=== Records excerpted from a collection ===
========================================================================

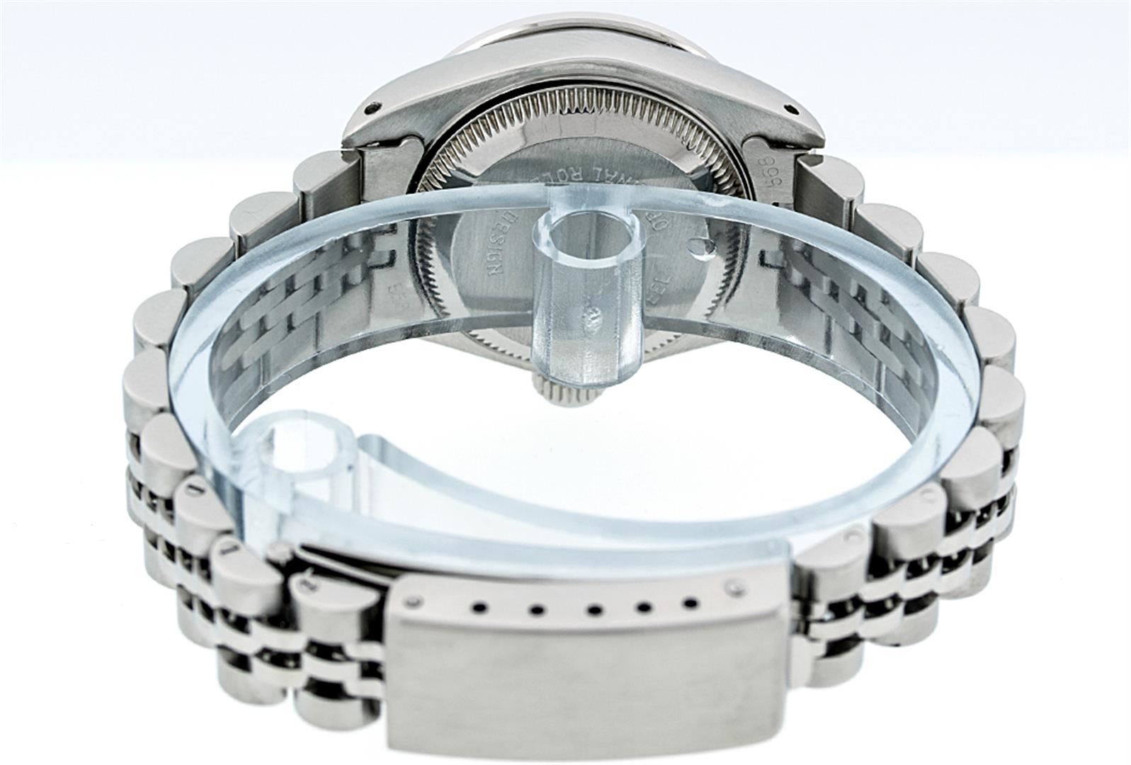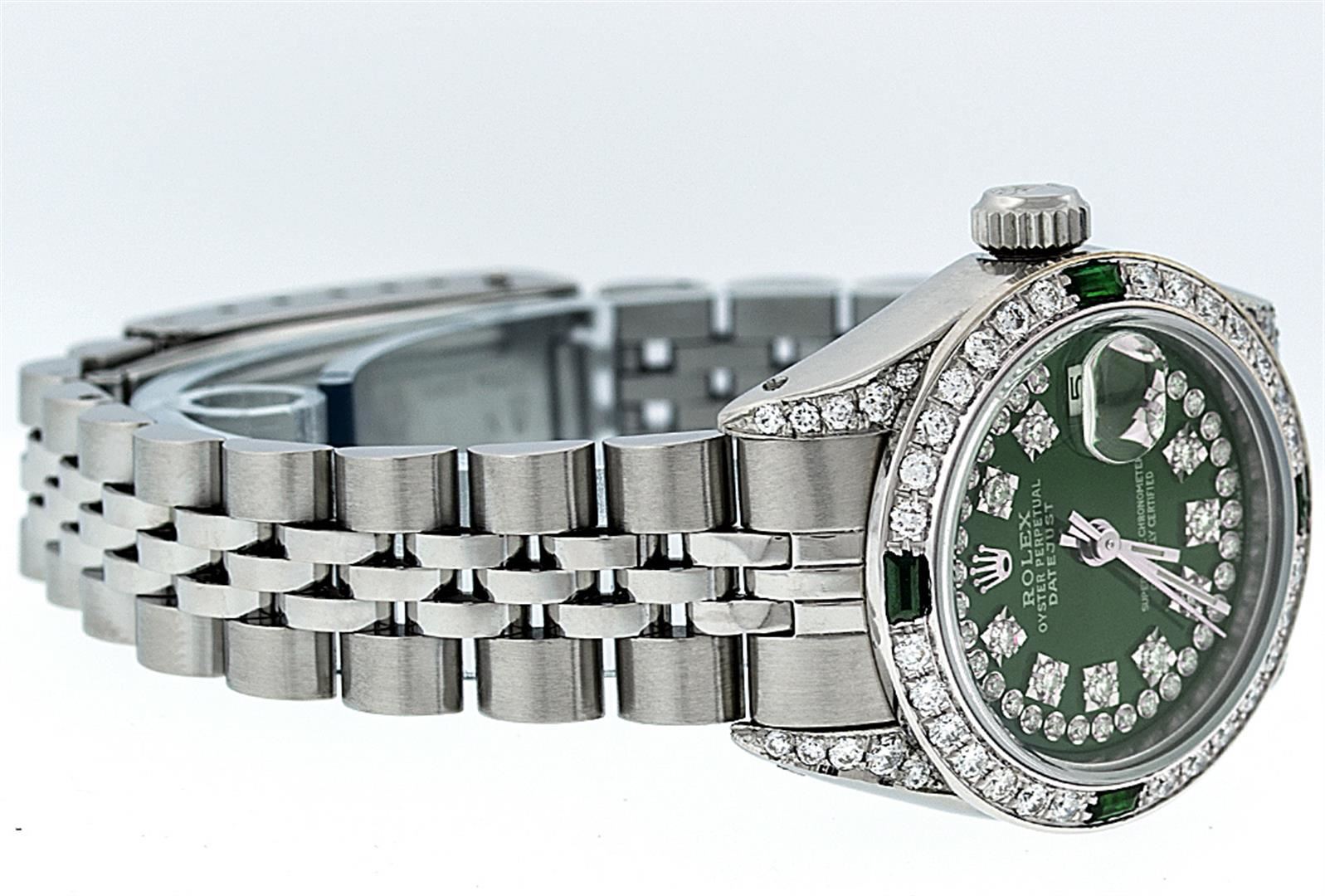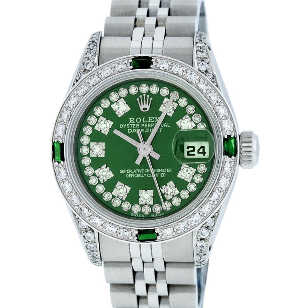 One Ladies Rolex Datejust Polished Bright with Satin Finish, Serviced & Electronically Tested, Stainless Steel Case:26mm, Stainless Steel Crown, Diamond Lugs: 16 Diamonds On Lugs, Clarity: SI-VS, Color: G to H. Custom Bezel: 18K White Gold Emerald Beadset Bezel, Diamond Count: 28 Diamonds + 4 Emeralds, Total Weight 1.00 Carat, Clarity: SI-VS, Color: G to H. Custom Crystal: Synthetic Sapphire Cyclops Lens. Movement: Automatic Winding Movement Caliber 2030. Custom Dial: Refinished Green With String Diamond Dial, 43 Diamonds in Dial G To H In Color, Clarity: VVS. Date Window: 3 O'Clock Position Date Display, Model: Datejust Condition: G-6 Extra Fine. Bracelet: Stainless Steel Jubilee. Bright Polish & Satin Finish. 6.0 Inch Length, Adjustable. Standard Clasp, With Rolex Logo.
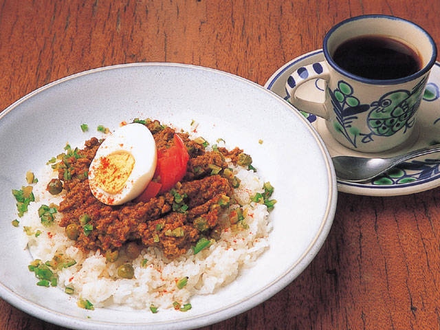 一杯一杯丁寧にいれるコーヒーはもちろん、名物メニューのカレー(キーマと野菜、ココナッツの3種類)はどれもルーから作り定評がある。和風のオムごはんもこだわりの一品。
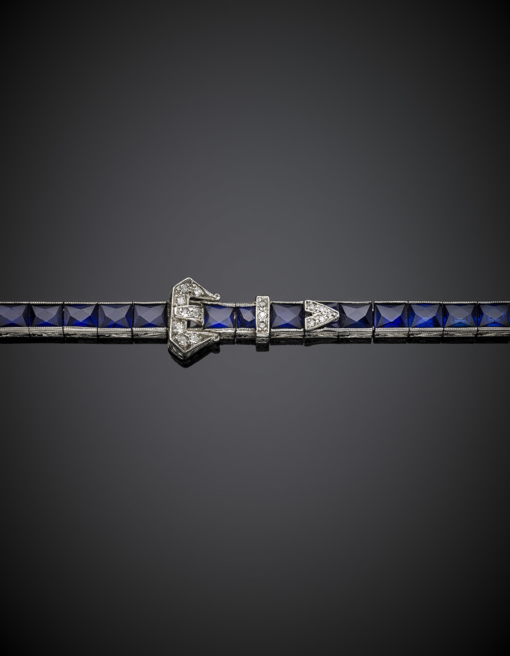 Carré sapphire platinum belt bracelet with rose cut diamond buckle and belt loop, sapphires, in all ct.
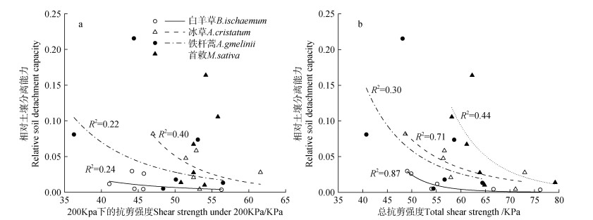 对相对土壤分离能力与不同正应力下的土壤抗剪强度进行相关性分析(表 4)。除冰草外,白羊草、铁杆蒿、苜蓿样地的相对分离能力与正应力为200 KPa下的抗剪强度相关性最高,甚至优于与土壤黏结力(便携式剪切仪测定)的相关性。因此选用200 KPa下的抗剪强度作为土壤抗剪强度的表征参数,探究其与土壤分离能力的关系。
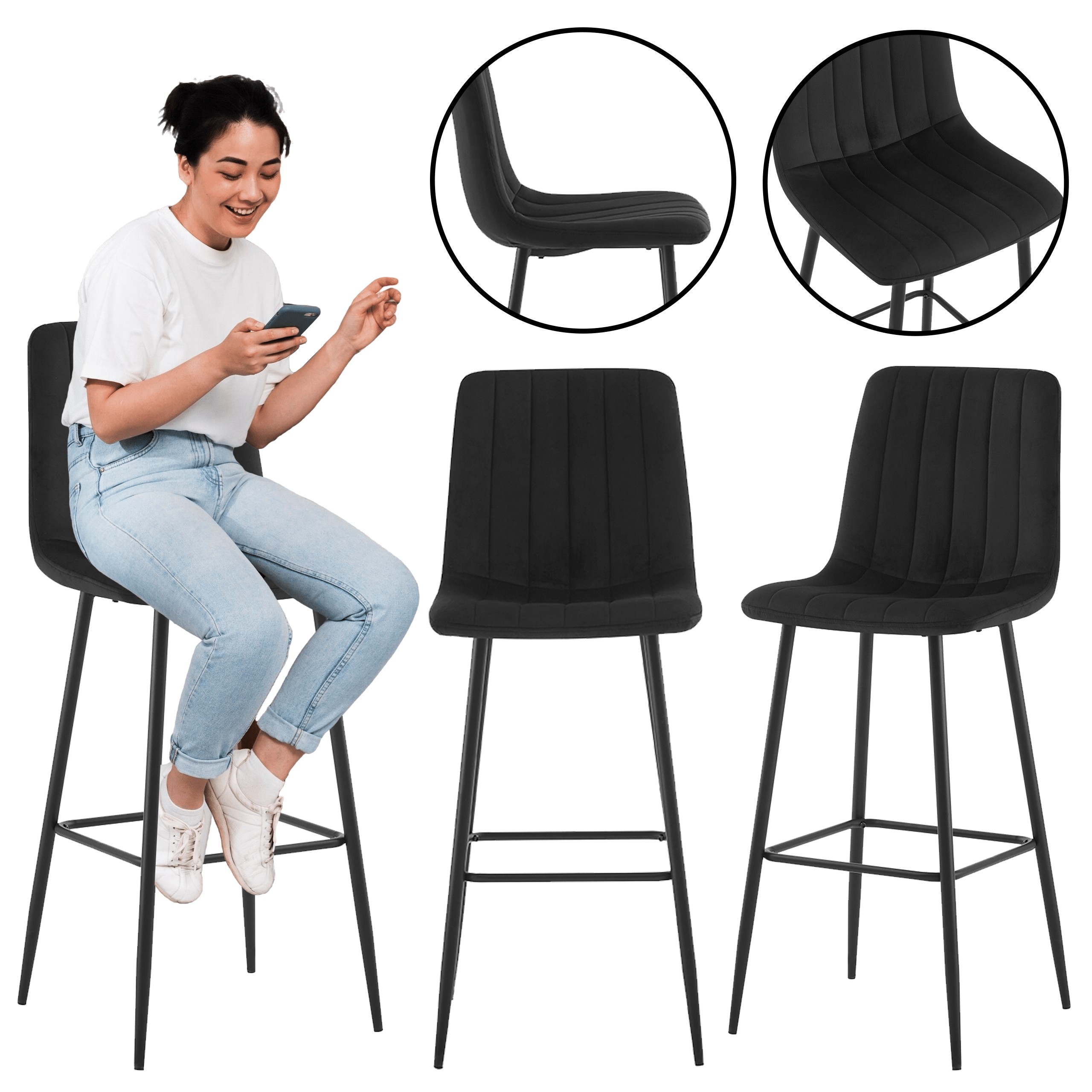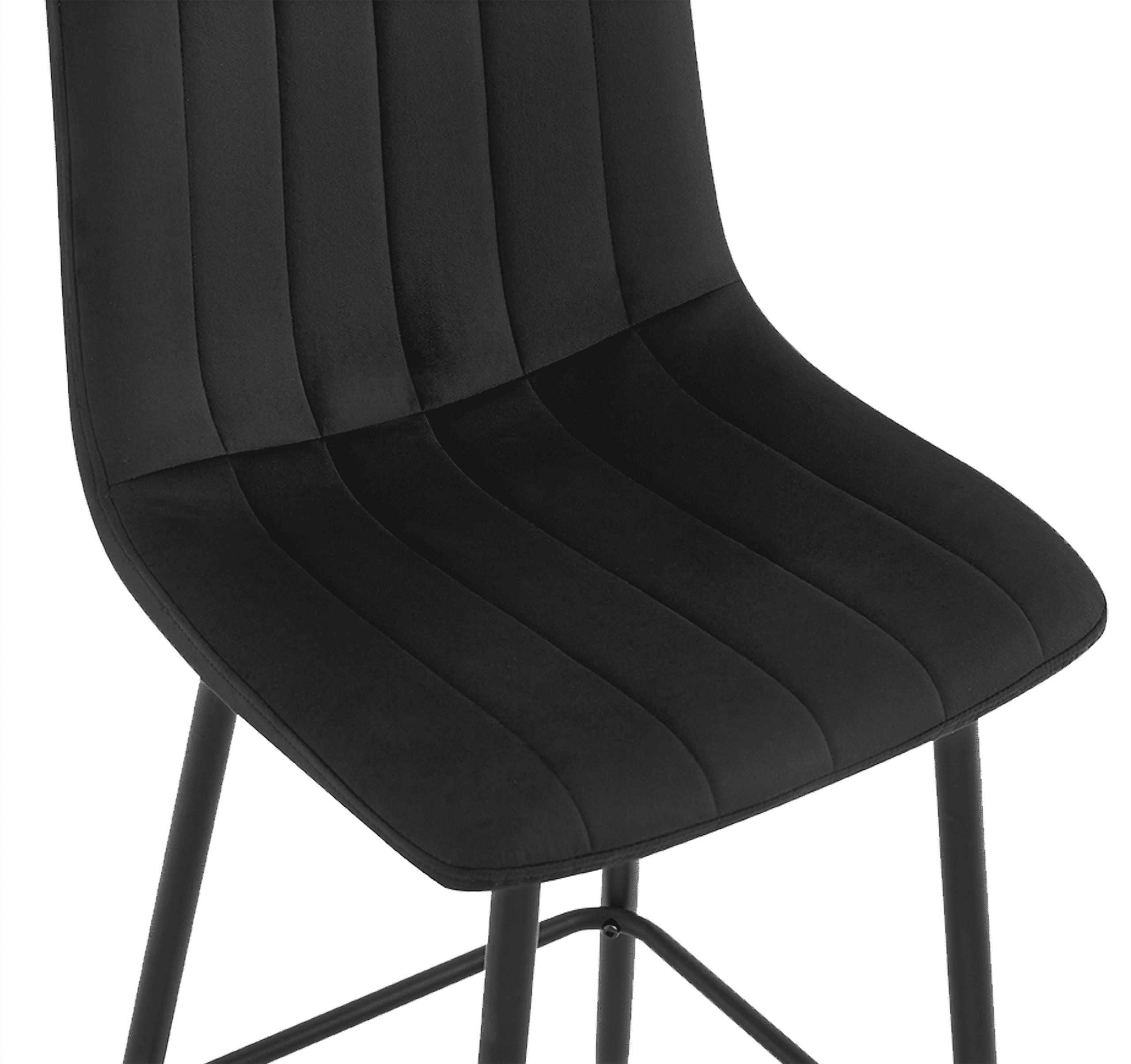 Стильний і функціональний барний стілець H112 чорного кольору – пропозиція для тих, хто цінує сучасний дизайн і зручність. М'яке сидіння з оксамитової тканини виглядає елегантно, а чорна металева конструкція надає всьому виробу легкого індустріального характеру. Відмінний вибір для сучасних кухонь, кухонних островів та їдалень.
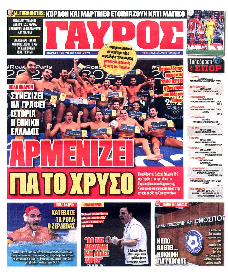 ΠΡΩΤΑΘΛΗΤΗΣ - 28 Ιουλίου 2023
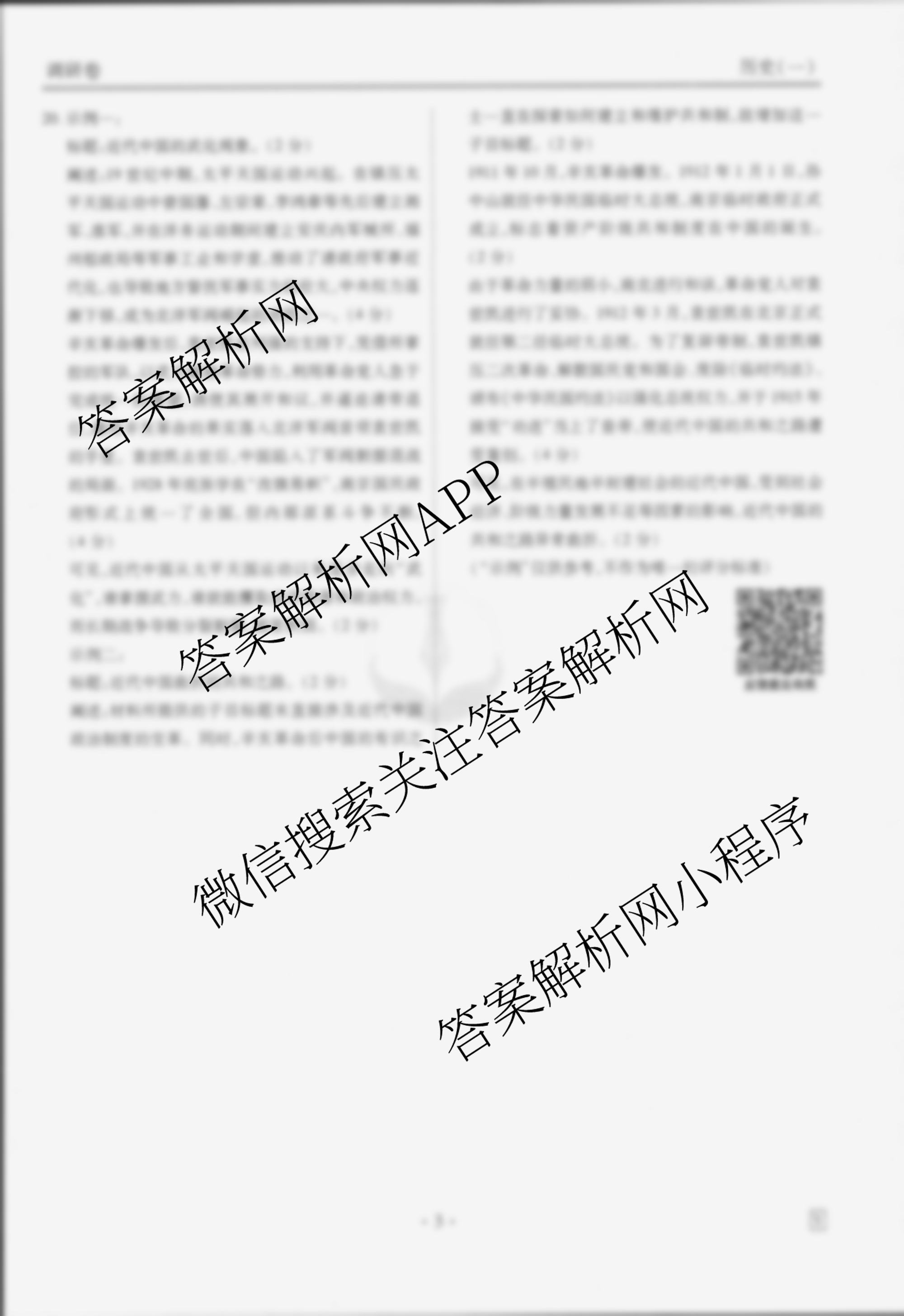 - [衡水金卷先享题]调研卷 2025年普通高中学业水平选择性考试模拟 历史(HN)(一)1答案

========================================================================

=== Task requirements ===
Word for word, set down the lines from the line with "一杯一杯丁寧にいれるコーヒー" through the last line of the entries, and nothing else; the pictures stay out.

=== Output of the exercise ===
 一杯一杯丁寧にいれるコーヒーはもちろん、名物メニューのカレー(キーマと野菜、ココナッツの3種類)はどれもルーから作り定評がある。和風のオムごはんもこだわりの一品。
 Carré sapphire platinum belt bracelet with rose cut diamond buckle and belt loop, sapphires, in all ct.
 对相对土壤分离能力与不同正应力下的土壤抗剪强度进行相关性分析(表 4)。除冰草外,白羊草、铁杆蒿、苜蓿样地的相对分离能力与正应力为200 KPa下的抗剪强度相关性最高,甚至优于与土壤黏结力(便携式剪切仪测定)的相关性。因此选用200 KPa下的抗剪强度作为土壤抗剪强度的表征参数,探究其与土壤分离能力的关系。
 Стильний і функціональний барний стілець H112 чорного кольору – пропозиція для тих, хто цінує сучасний дизайн і зручність. М'яке сидіння з оксамитової тканини виглядає елегантно, а чорна металева конструкція надає всьому виробу легкого індустріального характеру. Відмінний вибір для сучасних кухонь, кухонних островів та їдалень.
 ΠΡΩΤΑΘΛΗΤΗΣ - 28 Ιουλίου 2023
 - [衡水金卷先享题]调研卷 2025年普通高中学业水平选择性考试模拟 历史(HN)(一)1答案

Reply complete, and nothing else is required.